Lucy Calkins ran a beloved — and criticized — center at Teachers College for four decades. It is being dissolved. . . .

Her curriculum had teachers conduct “mini-lessons” on reading strategies, but also gave students plenty of time for silent reading and freedom to choose their own books. Supporters say those methods empower children, but critics say they waste precious classroom minutes, and allow students to wallow in texts that are too easy.

Some of the practices she once favored, such as prompting children to guess at words using the first letter and context clues, like illustrations, have been discredited.

Over the past three years, several prominent school districts — including New York City, the nation’s largest — dropped her program, though it remains in wide use. . . .

Critics of her ideas, including some cognitive scientists and instructional experts, said her curriculum bypassed decades of settled research, often referred to as the science of reading. That body of research suggests that direct, carefully sequenced instruction in phonics, vocabulary building and comprehension is more effective for young readers than Dr. Calkins’s looser approach.

Alper writes:

This article did not at all mention anything about language specifics. I bring this up because my granddaughters are in a Minneapolis Spanish immersion primary school. Because Spanish is almost 100 per cent phonetic, and English is terrible in this regard, they spell and read better in Spanish than they do in English. The mechanics of learning to read back in my day, was simple and devoid of theory or disagreement. You kept at it until you got it right. The it was English only because no accommodation was made for special needs, immigrants or for the outside world in general.

I know some people at Teachers College but I’ve never encountered Prof. Calkins, nor have I ever looked at the literature on language teaching. So I got nothin’ on this one.

But I did reply that the above story isn’t half as bad as this one from a few years back, which I titled, “What’s the stupidest thing the NYC Department of Education and Columbia University Teachers College did in the past decade?” It involved someone who was found to be a liar, a cheat, and a thief, and then, with that all known, was hired to two jobs as school principal! And then a Teachers College professor said, “We felt that on balance, her recommendations were so glowing from everyone we talked to in the D.O.E. that it was something that we just were able to live with.” This came out in the news after the principal in question was found do have “forged answers on students’ state English exams in April because the students had not finished the tests.” Quelle surprise, no? A liar/cheat/thief gets a new job doing the same thing and then does more lying and cheating (maybe no stealing that time, though).

Alper responded:

You wrote that in 2015 which is about the same time as this story which made Fani Willis RICO famous:

Her most prominent case was her prosecution of the Atlanta Public Schools cheating scandal. Willis, an assistant district attorney at the time, served as lead prosecutor in the 2014 to 2015 trial of twelve educators accused of correcting answers entered by students to inflate the scores of state administered standardized tests.

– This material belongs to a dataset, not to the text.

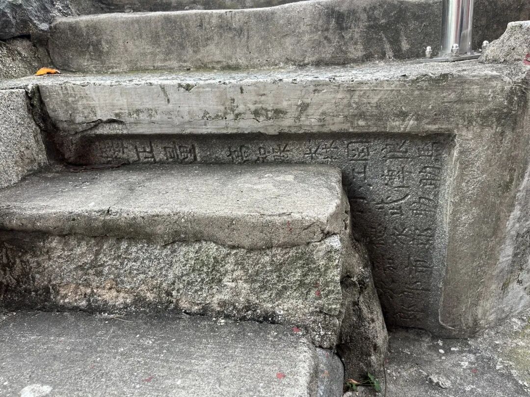 再往上爬,我们找到了儿童的游乐园,这附近也散布了许多碑石。拐角处就露出碑石的一半,写着“妙法贤”,往下的字就看不到了。
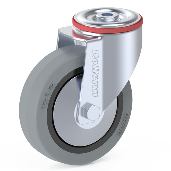 | Item Name | 125X36mm swivel castor, Grey Elastic rubber, black Nylon rim, roller bearing,with thread guards | ||

SAT and all the others did not exist in my 1950 NYC school days, but I believe we did have the so-called Regents Exams and they are still around. It never crossed my mind that the scoring of those exams was not on the up and up. Was I being naive? Was there more honesty and/or less messing around back then and it was just not financially worth it?

Here’s my response:

1. This particular form of cheating sounds no more easy or difficult now than in the past.

2. In the past (i.e., somewhere between 1950 and 2015), tests were important students but not so much for schools. So, yeah, students may have been motivated to cheat, but teachers and school administrators did not have any motivation, either to help students cheat, or to massively cheat on their own. Nowadays, tests can be high stakes for the school administrators, and so, for some of them, cheating is worth the risk.